Joe was a mentor to several generations of faculty, both at Massachusetts General Hospital (MGH) and at other institutions. He worked closely with junior clinical investigators who now themselves mentor the next generation of clinician scientists. The MGH Division of Child Psychiatry is a testament to Joe’s decades-long inspirational leadership, during which, at every turn, he guided the fulfillment of our faculty’s collective work.

Joe was a master clinician to whom colleagues and friends would send their most severely ill children knowing he would apply his vast clinical wisdom to help craft a path to better emotional well-being for a young person in need. In addition to his exceptional competence as a psychopharmacologist, he was highly regarded as an empathic physician who was beloved by his patients and their families. He never steered from the clinical care of children with serious mental illness. He derived great joy from the management of pediatric psychiatric illnesses and saw clinical work as the essential means of uncovering the most important research questions which, when answered, provided the needed precise treatment for child psychiatric disorders. He reminded us daily of the need to support families—not blame them—for the psychiatric illness affecting their children. He continually taught us to listen to our patients, to observe, to generate solutions, and to innovate, all to better the lives of those sitting across from us.

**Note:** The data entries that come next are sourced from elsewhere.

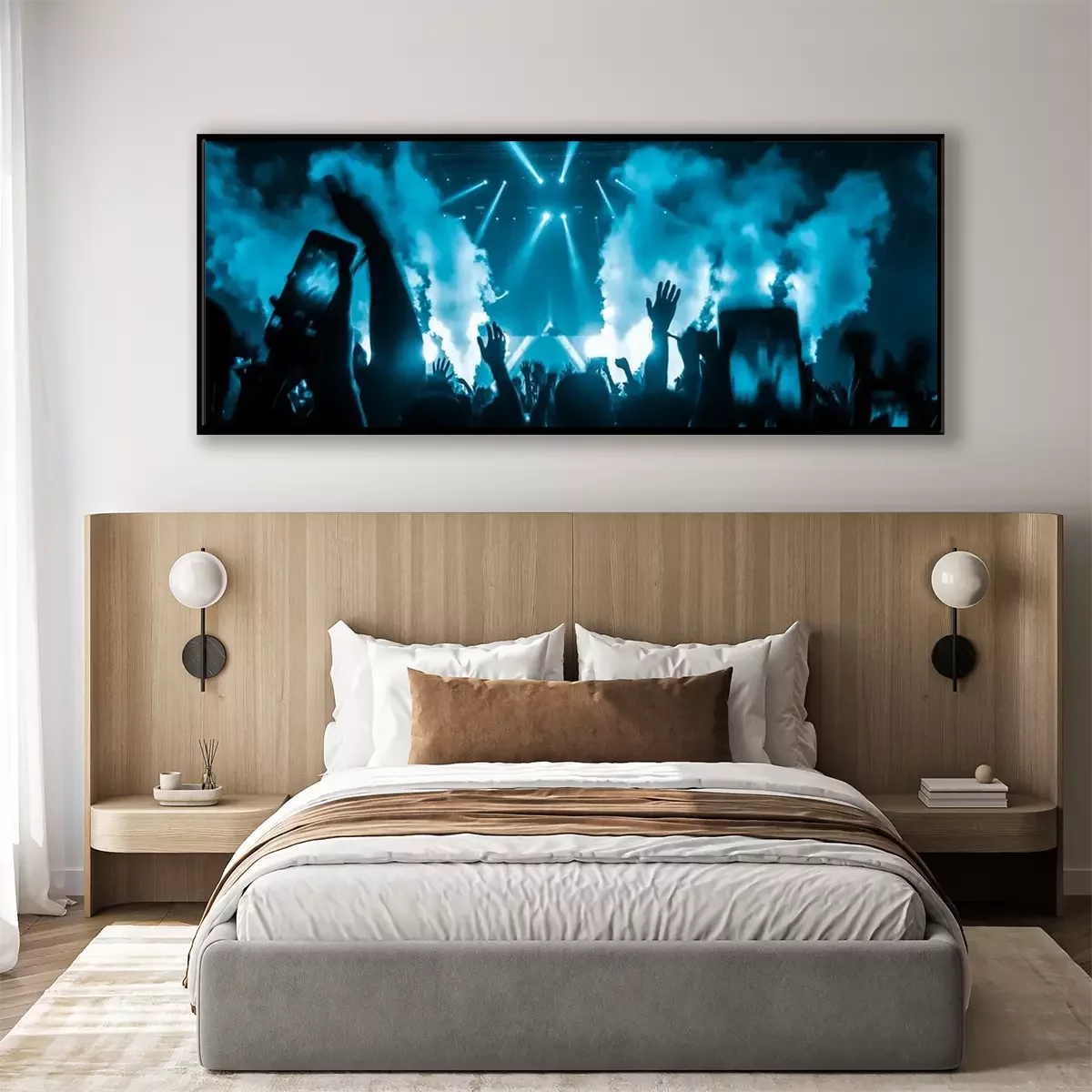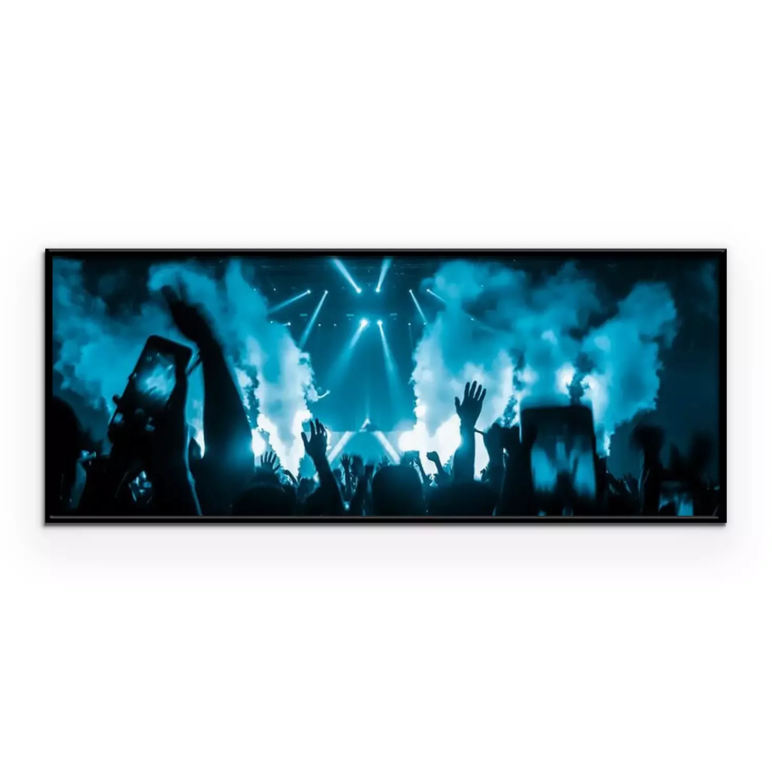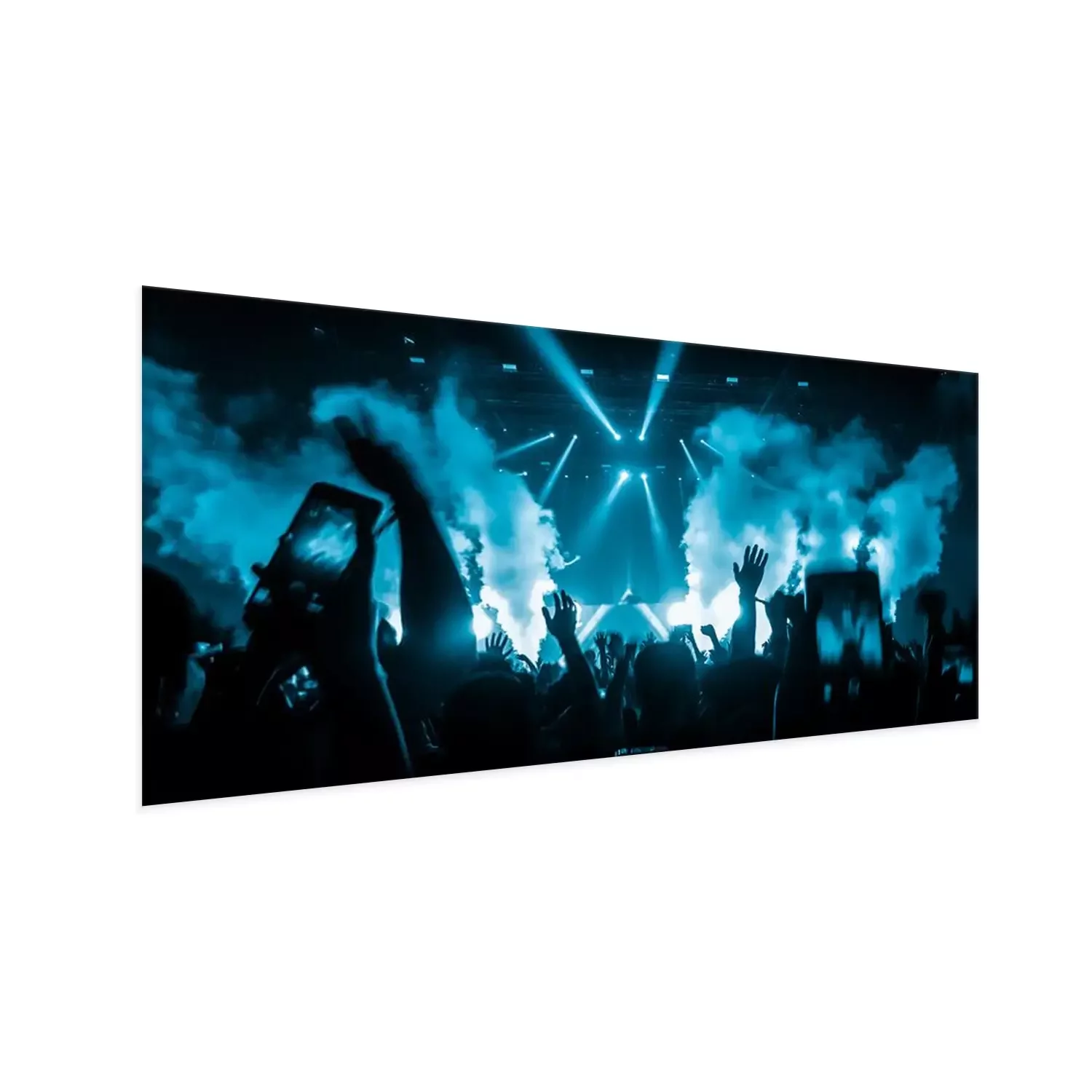 Poster Happy people dance in nightclub DJ party concert and listen to electronic dancing music from DJ on the stage. Silhouette cheerful crowd celebrate New Year party 2020. People lifestyle DJ nightlife.
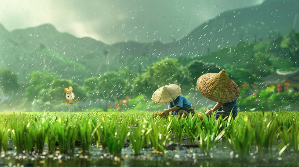本作品内容为春季清明雨天戴斗笠农民播种插画, 格式为 jpg, 大小4 MB, 图片尺寸为2912 x 1632, 源文件无水印, 欢迎使用熊猫办公。 如认为平台内容涉嫌侵权,可通过邮件:tousu@tukuppt.com提出书面通知,我们将及时处理。
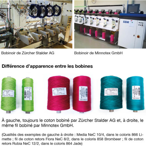 Le coton mercerisé est désormais enroulé sur la bobineuse de Minnotex GmbH, qui est beaucoup plus rapide et précise que la machine de Zürcher Stalder AG. Cela signifie que les bobines seront plus compactes et plus petites. Cependant, il s’agit du même fil, en même quantité, sur les nouvelles bobines que sur les anciennes.
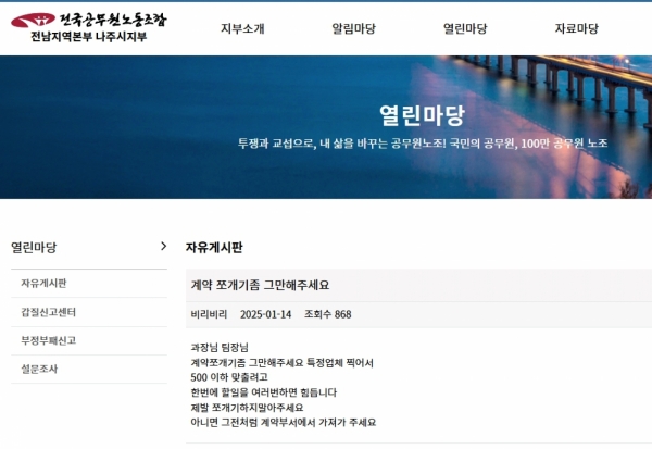 나주시공무원노조 게시판 계약 쪼개기 익명 게시글 올라와...

Joe’s accomplishments, too many to mention here, have collectively left an indelible body of work, impacting clinicians, researchers, and countless patients and their families. While we mourn the passing of our witty, passionate, bold, and brilliant friend and colleague, let us also celebrate Joe as a pioneer and maverick in the field of child psychiatry and a fierce advocate for his patients and their families. For those of us who credit Joe with our careers, our successes past, present, and future honor him. To continue without him is unthinkable, but, with heavy hearts, we carry on the endless work of psychiatry, knowing that is what he would want us to do.